Contact: arzwa@psb.vib-ugent.be


wgd.ks_distribution._calculate_weighted_ks(clustering, pairwise_estimates, pairwise_distances=None, family_id=None)

Calculate weighted Ks, Kn and w values following the procedure as outlined in Vanneste et al. (2013)

Parameters:
  • clustering – clustering results as produced with _weighting(), can be by average linkage clustering or phylogenetic means (phyml, fasttree)
  • pairwise_estimates – pairwise Ks, Kn and w estimates as produced by codeml.Codeml.run_codeml()
Returns:

a pandas data frame of weighted Ks, Kn and w values.

wgd.ks_distribution._calculate_weights(clustering, pairwise_estimates, pairwise_distances=None)

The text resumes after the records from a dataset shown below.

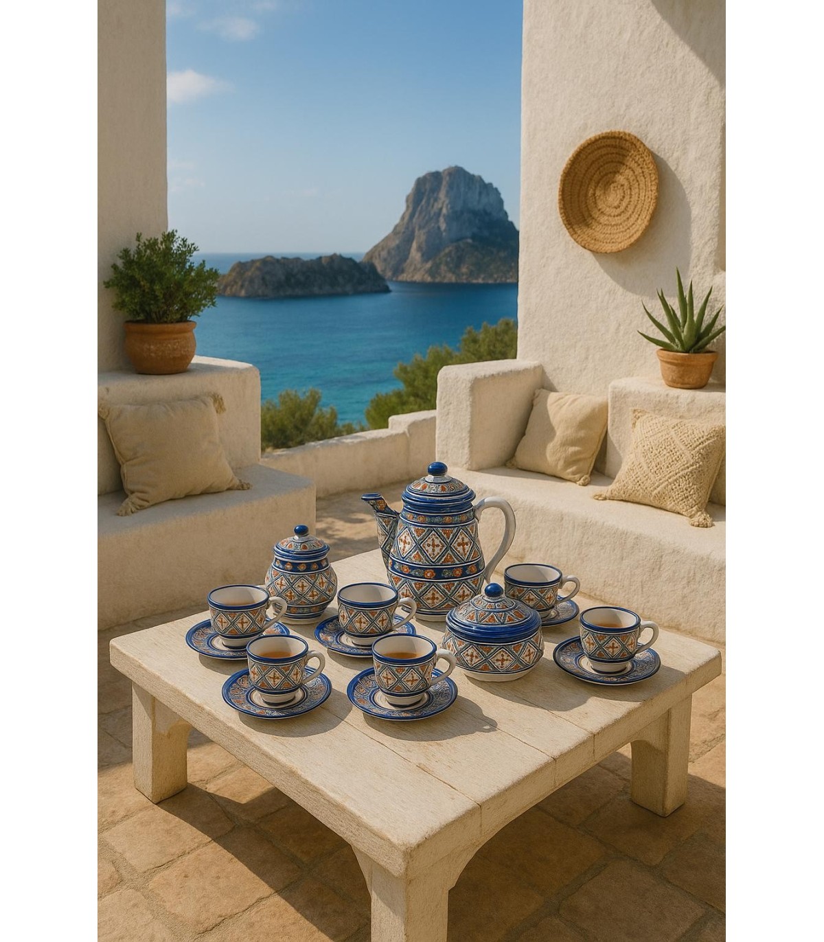 Chaque pièce est unique, peinte à la main à base de pigments naturels, avec une ligne fine créant des formes géométriques qui nous rappellent l'ethnie berbère.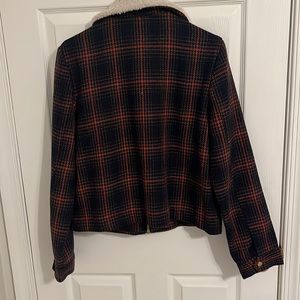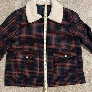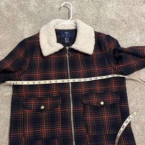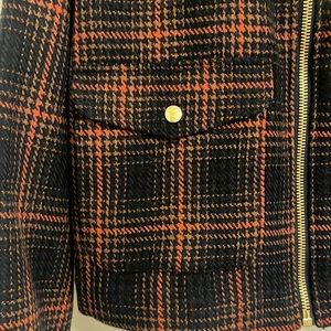 Wear this as a coat or part of your outfit. Gold colored zipper from collar to bottom. Fully lined. Gold buttons on front 2 pockets and sleeves.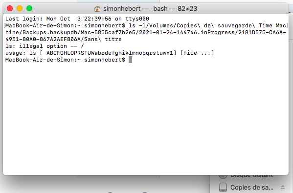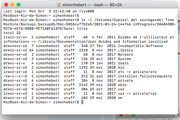 So what you're saying here is that the files are okay and so is the hard drive?No worries. Terminal commands are easy to misunderstand and to mistype. So, that command shows you that the Sans titre file contains your Time Machine backup of your Mac. The folders are there, but you can't open the Sans titre folder for some reason.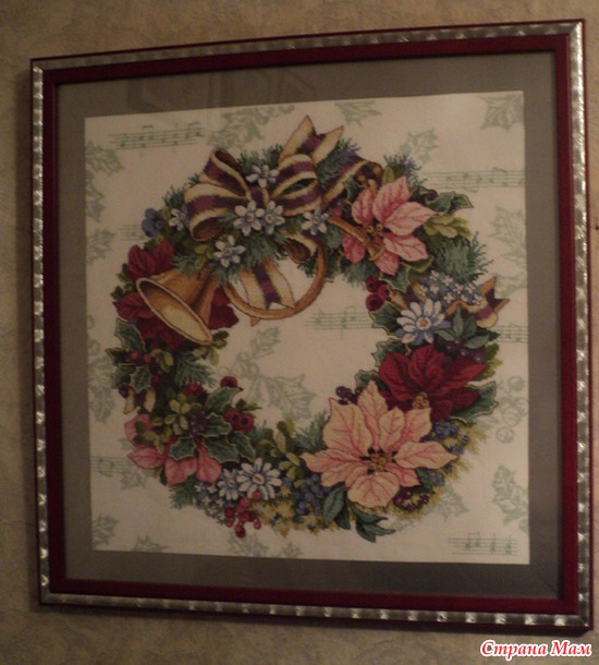 От автора: "Это вторая работа из комплекта, который планирую вышить. Уже есть сапожок, теперь и веночек появился. планировала сделать подушку, но пока решила оформить картиной. Оформляла сама, рамка для постеров и рисунков, паспарту - картон"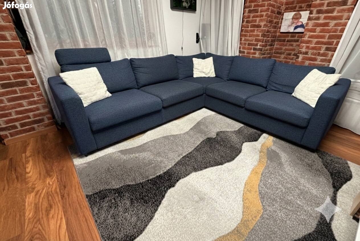 Eladó lett egy ikea vimle sarok kanapé, ami teljes értékű ággyá alakítható. Van hozzá egy szürke és egy kék huzat garnítúra is valamit egy fejtámla.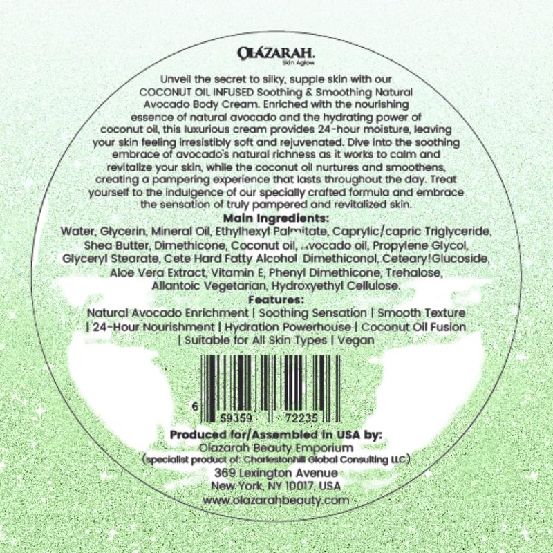 OLAZARAH Skin Aglow Hydrating Avocado & Coconut Oil Infused Body Cream - Natural 24-Hour Moisturizer for Nourished, Silky Smooth Skin, 10 Fl. oz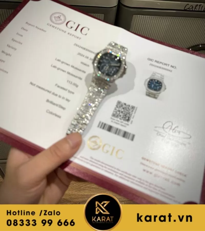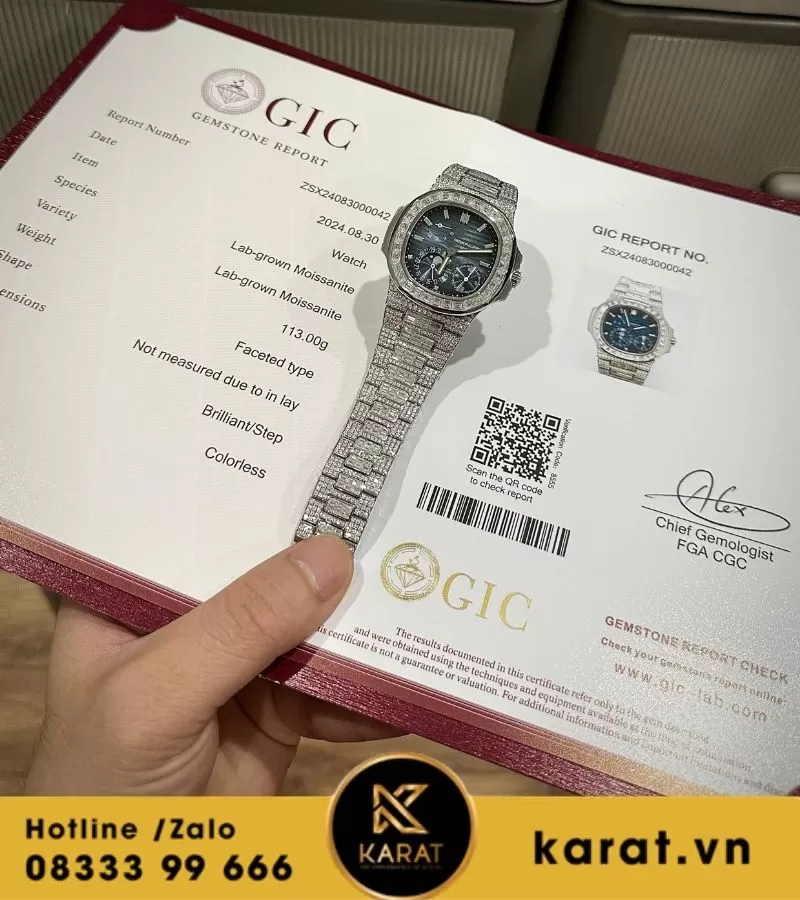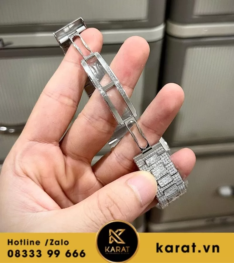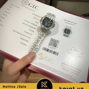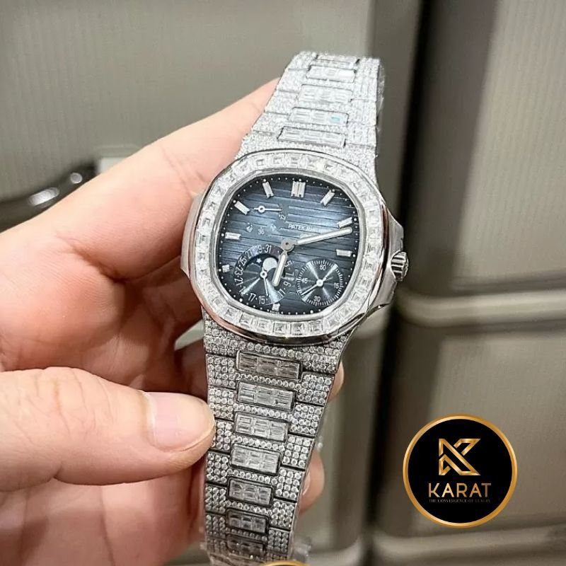 Đồng hồ Patek Philippe nautilus 5712 custom full moissanite là biểu tượng hoàn hảo của sự sang trọng và tinh tế, được chế tác dành cho những tín đồ đồng hồ đích thực. Với thiết kế độc đáo, đính toàn bộ moissanite sáng lấp lánh, mẫu đồng hồ này không chỉ là công cụ xem giờ mà còn là món trang sức giá trị. Cùng Karat khám phá vẻ đẹp và sự đẳng cấp mà chiếc đồng hồ này mang lại.
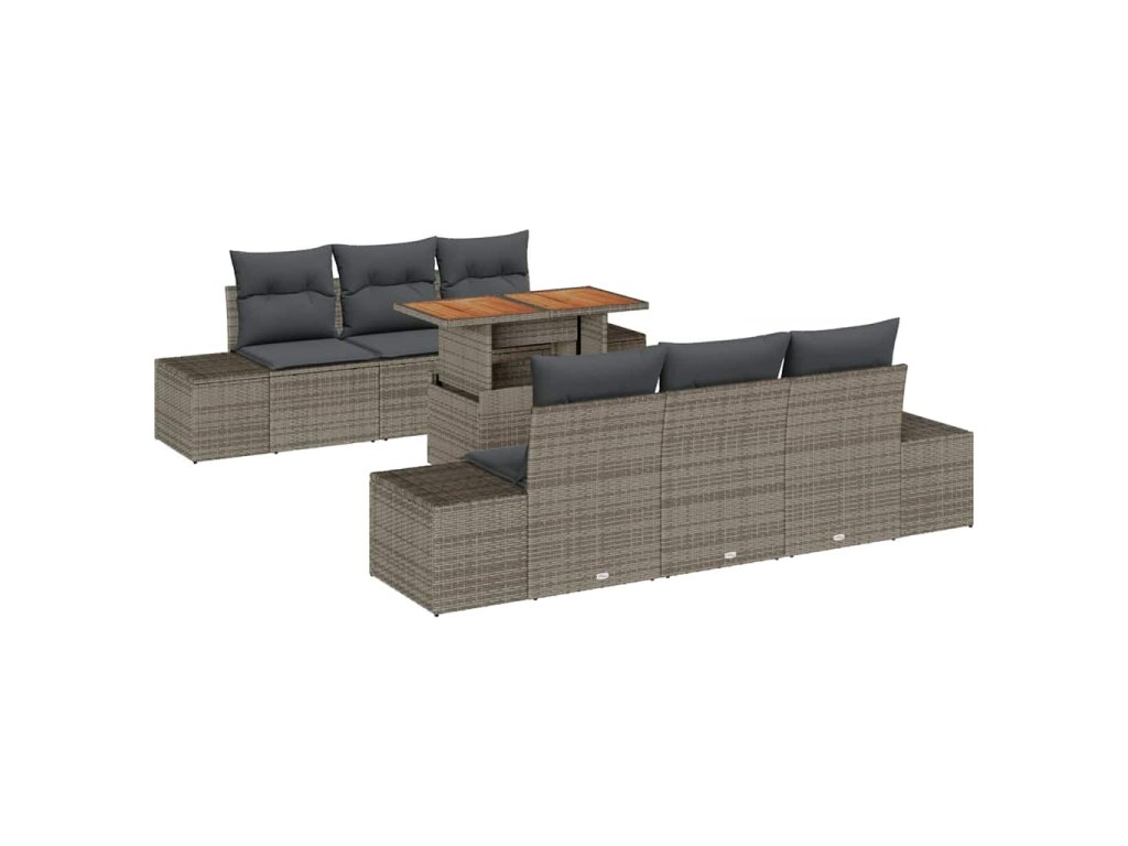 Sada zahradních pohovek s úložištěm 7 pcs Šedá Poly ratan

This is a patch for weight calculation in the pairwise approach

Parameters:
  • clustering – clustering array
  • pairwise_estimates – pairwise Ks estimates array
  • pairwise_distances – pairwise distances array
Returns:

data frame

wgd.ks_distribution._get_nucleotide_sequences(family, nucleotide)

Get nucleotide sequences for codon alignment with PRANK

Parameters:
  • family – sequence dictionary for gene family
  • nucleotide – nucleotide sequences
Returns:

nucleotide sequences for gene family

wgd.ks_distribution._weighting(pairwise_estimates, msa=None, method='alc')

Wrapper for different weighting methods. The fastest method is average linkage clustering based on Ks values, other methods use phylogenetic trees (phyml or fasttree)

Parameters:
  • pairwise_estimates – results dictionary from codeml.Codeml.run() output
  • msa – protein multiple sequence alignment file path (optional, not necessary for method=``alc``)
  • method – method, one of alc|phyml|fasttree
Returns:

clustering data structure and pairwise leaf distances (not if method=``alc``)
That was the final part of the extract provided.